Paradoxe Intention

Von Viktor E. Frankl (siehe Logotherapie) entwickelte Interventionstechnik zur Behandlung von Angst- und Zwangsneurosen. Im Rahmen der paradoxen Intention wird der Patient vorzugsweise humorvoll angewiesen, seine am meisten gefürchteten Symptome herbeizuwünschen bzw. selbst in die Tat umzusetzen.

In ausgewähltem therapeutischen Setting und nach genauer Anamnese wird der angst- oder zwangsneurotische Patient angewiesen, sich genau das zu wünschen, wovor er sich fürchtet. Dieser Wunsch muss durch therapeutische Anleitung mittels Einsatz von Humor bis zur Unwirklichkeit verstärkt werden. Durch das zunehmende "Belächeln" der Ängste oder Zwänge durch den Patienten gewinnt dieser eine Distanz, die die Objektivierung der Lage ermöglicht und durch Absurdität zu einer Lösung von der Angst oder vom Zwang führt. Gute Ausbildung und schauspielerisches Talent eines humorvollen Therapeuten ist notwendig. Meist ist wegen der Laienausbildung in moderner Zeit die Dereflexion, also eine gezielte Ablenkung vom Symptom als Voraussetzung für den Einsatz der Paradoxen Intention durchzuführen. Zudem ist eine begleitende Psychotherapie für Begleitsymptome empfehlenswert.

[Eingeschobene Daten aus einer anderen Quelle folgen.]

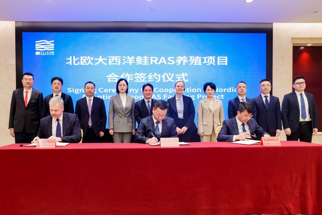 随后,在与会领导和嘉宾的共同见证下,挪威诺帝克水产公司、宁波市海洋发展集团有限公司、象山海峡经济技术合作有限公司签署合资合作协议;挪威诺帝克水产公司与银团签署授信合作协议,这标志着北欧大西洋鲑RAS养殖项目正式进入资本协同、金融支持、多方合作并行推进的新阶段。
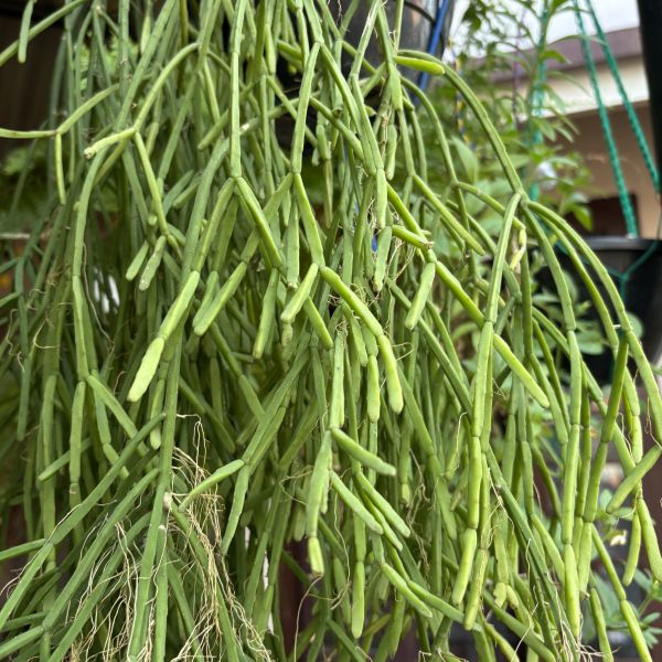 The Rhipsalis Mistletoe Cactus, also known as the Mistletoe Cactus, is an epiphytic cactus native to Central and South America, the Caribbean, and Florida. It features slender, trailing, branched stems that can reach lengths of up to 30 feet in its natural habitat but typically grow up to 6 feet tall and 2 feet wide as houseplants. The cactus produces solitary, funnel-shaped flowers that are white or greenish-white and appear in late winter to early spring. The fruits are small, spherical berries that resemble mistletoe berries. This cactus thrives in bright, indirect light, high humidity, and slightly acidic, moist, well-drained, gritty potting mix. It is low-maintenance and can be placed outdoors during the summer in partial shade to encourage flowering. The Mistletoe Cactus is also known for its resilience and intriguing growth habit, making it a captivating subject in both horticulture and indoor plant collections.
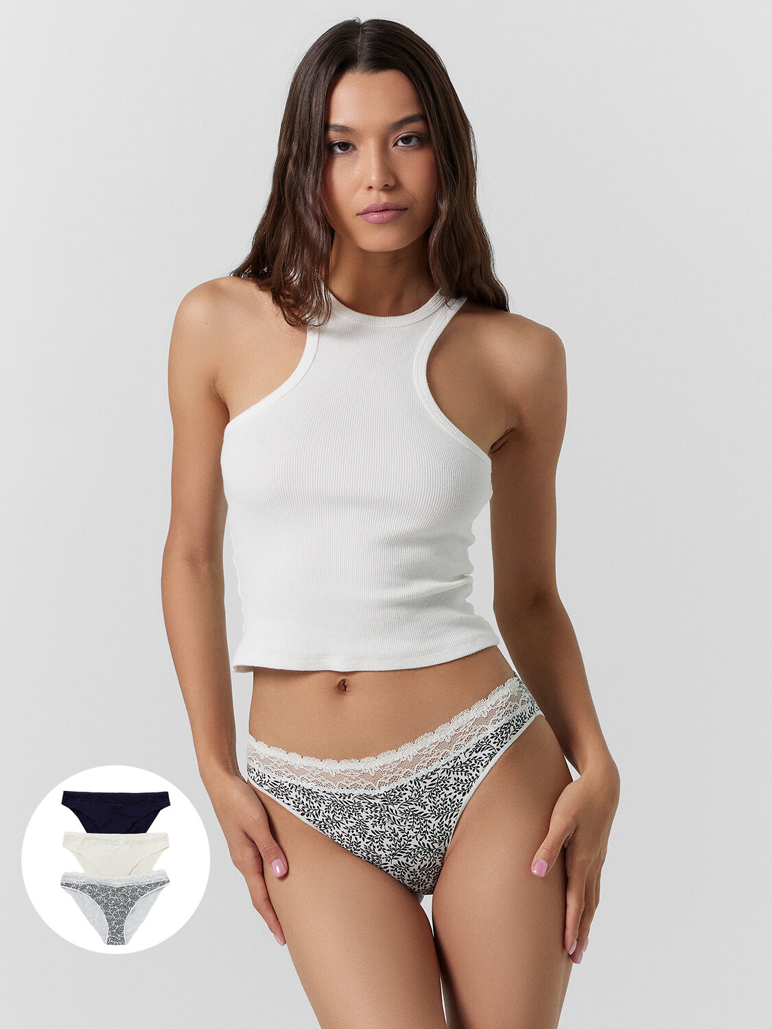 Набор женских трусиков (3 шт.) в разных цветах из высококачественного хлопка с кружевными деталями. Прелестные трусики-бикини, особая конструкция которых оригинальным образом сочетает трусики трех гармоничных расцветок. Заниженная линия талии позволяет носить одежду с посадкой на бедрах, а довольно глубокие вырезы по бокам визуально делают ноги длиннее и подчеркивают стройность и грациозность фигуры. Изюминка модели - кружевные детали, которые придают образу особый шарм и очарование. Трусы женские слипы хлопковые или, как их еще называют, слип-бикини - популярная модель женского белья. Продуманная анатомичная конструкция, плоские швы и деликатные резиночки делают эту модель подходящей для занятий спортом, можно использовать её как спортивное бельё, а также как ночные трусики для сна. Пригодятся трусы-бикини и будущим мамам: низкая талия изделия удобно помещается под растущим животиком и абсолютно не давит. Благодаря широкому размерному и цветовому ряду, в линейке Mark Formelle вы обязательно найдете модель белья с удобной посадкой по своему вкусу!

Die paradoxe Intention wird als "Symptomverschreibung" auch in anderen Therapien (z.B. Verhaltenstherapie, Familientherapie) eingesetzt.

Entgegen der weit verbreiteten Meinung, heißt es tatsächlich "Paradoxe Intention" (nicht "Paradoxe Intervention"). Leider wird dies aus der Sekundärliteratur oftmals falsch zitiert.